Four groups of 25 female Charles River CD SD rats (193-236 g,
9-11 weeks old) were administered dose levels of 0 (vehicle), 7.5,
15 or 30 mg (99.0-99.8% purity) thiram/kg bw/day by gavage on day 6
through 15 of gestation. Pre-pairing acclimatization was for 5 days.
Test solutions (dosage volume, 10 ml/kg bw) were prepared in a 0.5%
w/v CMC and 0.5% w/v Tween 80 vehicle. All females were killed on
day 20 of gestation for examination of their uterine contents.
Analyses showed that the concentrations of test substance in the
test mixtures were 0.62-0.75 mg/ml, 1.47-1.49 mg/ml, and 2.88-2.91
mg/ml of intended concentrations of 0.75, 1.5, and 3.0 mg/ml,
respectively. The test substance was stable at room temperature
throughout the study. The concentration of tetramethylthiuram
monosulphide was less than 0.01%.
With the exception of a dosage-related incidence in the number
of females showing areas of hair loss on head, neck, back, and/or
limbs, the general condition of females was comparable in all
groups. At 15 and 30 mg/kg bw/day a transient, dose-related, loss of
body-weight was observed. At 7.5 mg/kg bw/day the rate of weight
gain was slightly, but significantly, reduced during the treatment
period, but subsequent weight gain was similar to that of the
controls. There were no adverse effects upon implantation or upon
fetal survival, but fetal and placental weights were significantly
reduced at 30 mg/kg bw/day. Placental weights were also slightly,
but significantly, reduced in the 7.5 and 15 mg/kg bw/day animals,
and foetal weight was slightly reduced at 15 mg/kg bw/day, but these
values were within historical control ranges. At 30 mg/kg bw/day
there was evidence of fetal immaturity e.g., reduced skeletal
ossification and increased incidence of space between the body wall
and organs, and there was a slightly increased incidence of
subcutaneous oedema. At 15 and 30 mg/kg bw/day the incidence of 13th
ribs of reduced size was slightly increased, but was not related to
dosage. Three foetuses with diaphragmatic hernia were observed, two
at 7.5 and one at 30 mg/kg bw/day. The NOAEL for fetal toxicity was
7.5 mg/kg bw/day. Reduced maternal body weight and placental weight
precluded the establishment of a NOAEL for maternal toxicity. The
toxic effects (immaturity and increased incidence of 13th ribs of
reduced size) at higher doses were considered a result of maternal
toxicity (Tesh et al., 1988a).
Rabbits
In a preliminary oral teratology study female New Zeeland white
rabbits (18-24 months old 3.4-4.5 kg) were artificially inseminated.

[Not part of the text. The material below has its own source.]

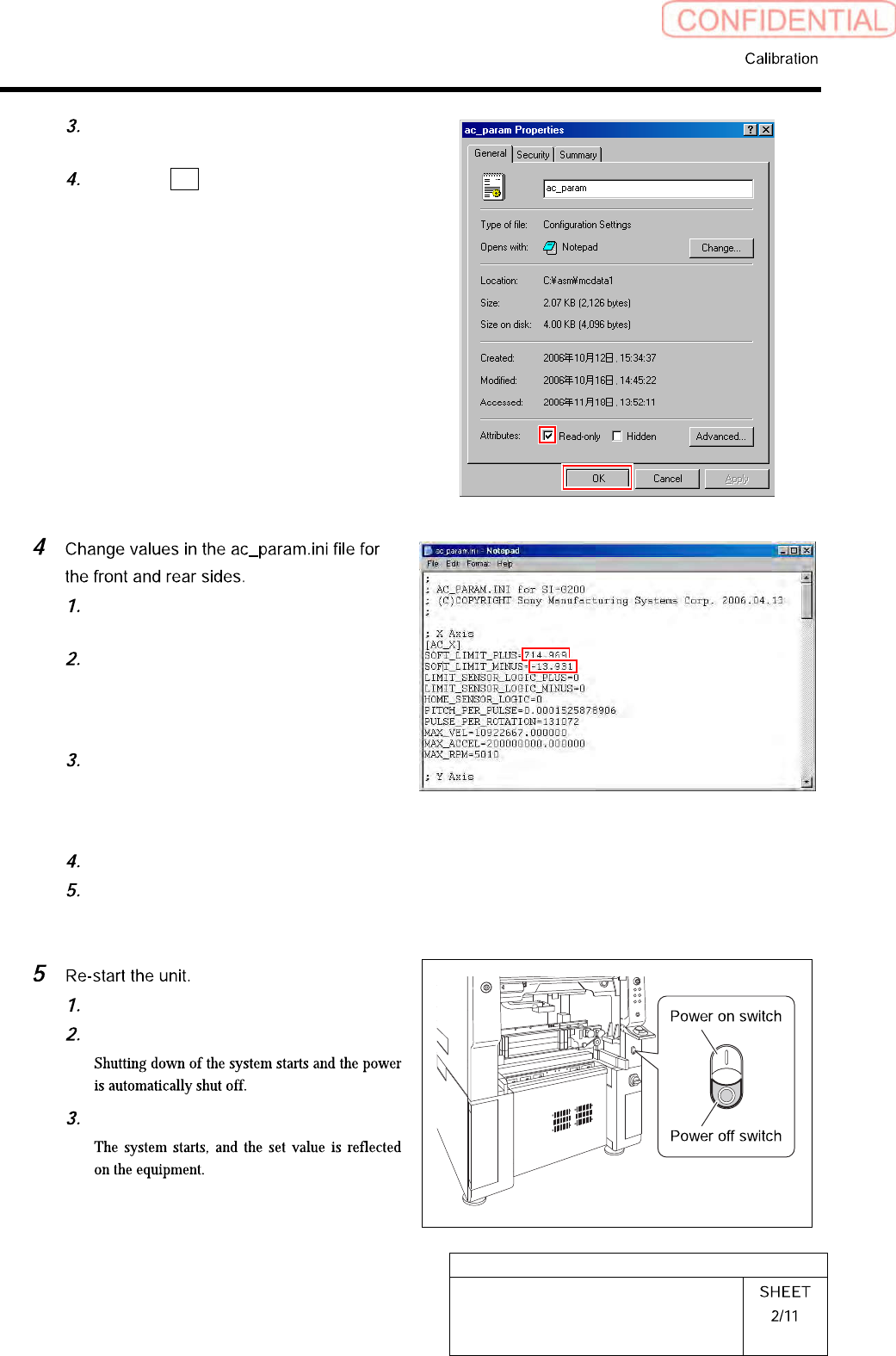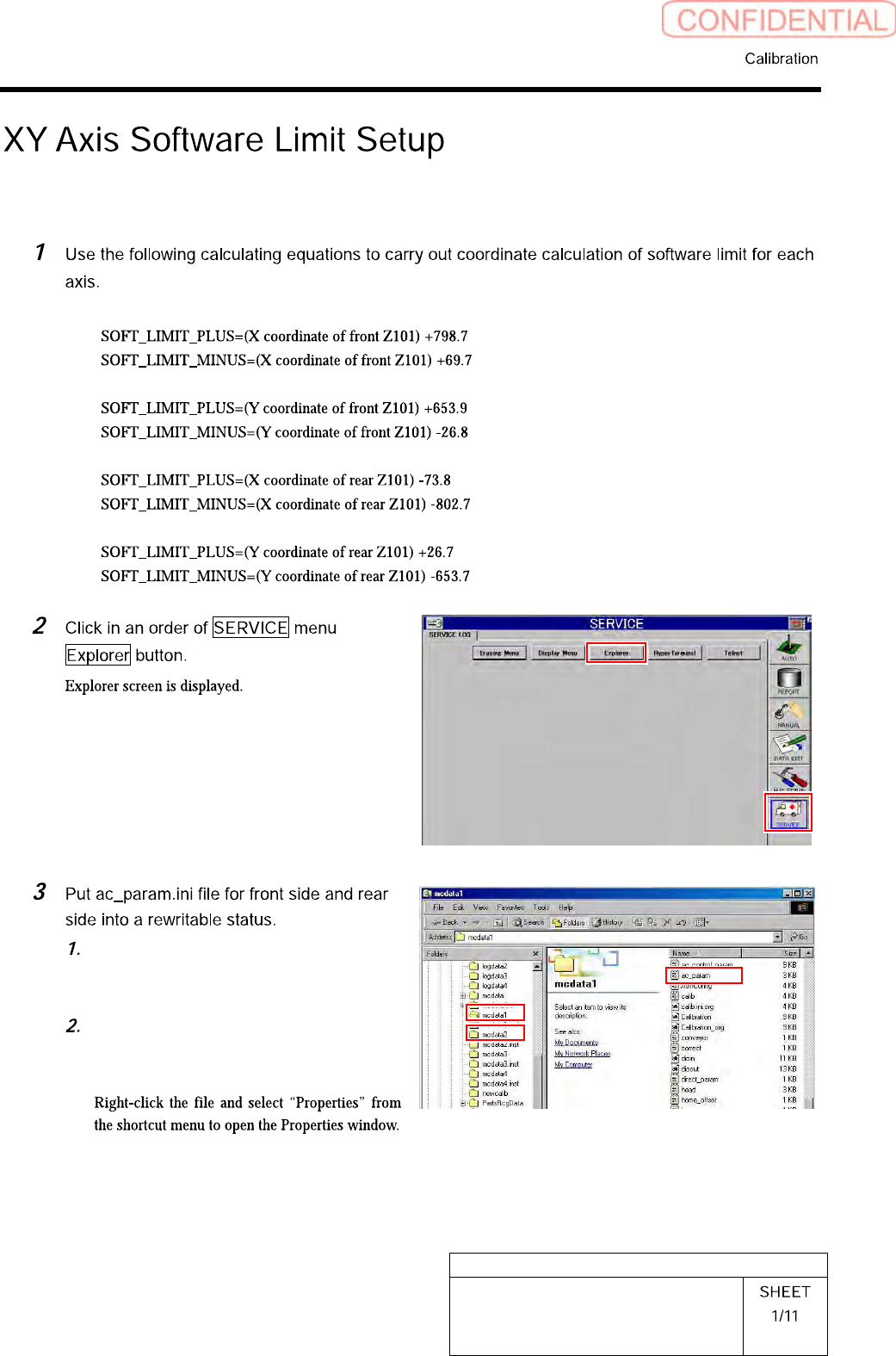 HLGB-10314-01 XY Axis Soft w are Limit Setup Unche c k “Read-only” on the Properties window of the ac_ p aram.in i file. Click the OK button. Open Notepad by th e ac_param.ini file. Input the values calcu l ated in the p…

The day of insemination was designated day 0 of gestation. The
animals were allowed a minimum of three weeks acclimatization before
dosing. Thiram (purity 99.1%) was administered by gavage to 4
females per group from days 6-19, inclusive, of gestation at dosages
of 0 (vehicle), 1, 3, 5, 7.5, 10, 20, 40, or 80 mg/kg bw/day
(volume-dosage 5 ml/kg bw). Control animals received the vehicle
(the vehicle was 0.5% w/v aqueous CMC mucilage containing 0.5% w/v
Tween 80). Stability and concentration (89-106% of nominal) of the
test compound at room temperature was ensured by formulation of
fresh test solutions each day. On day 29 of gestation, the animals
were killed and their uterine contents examined.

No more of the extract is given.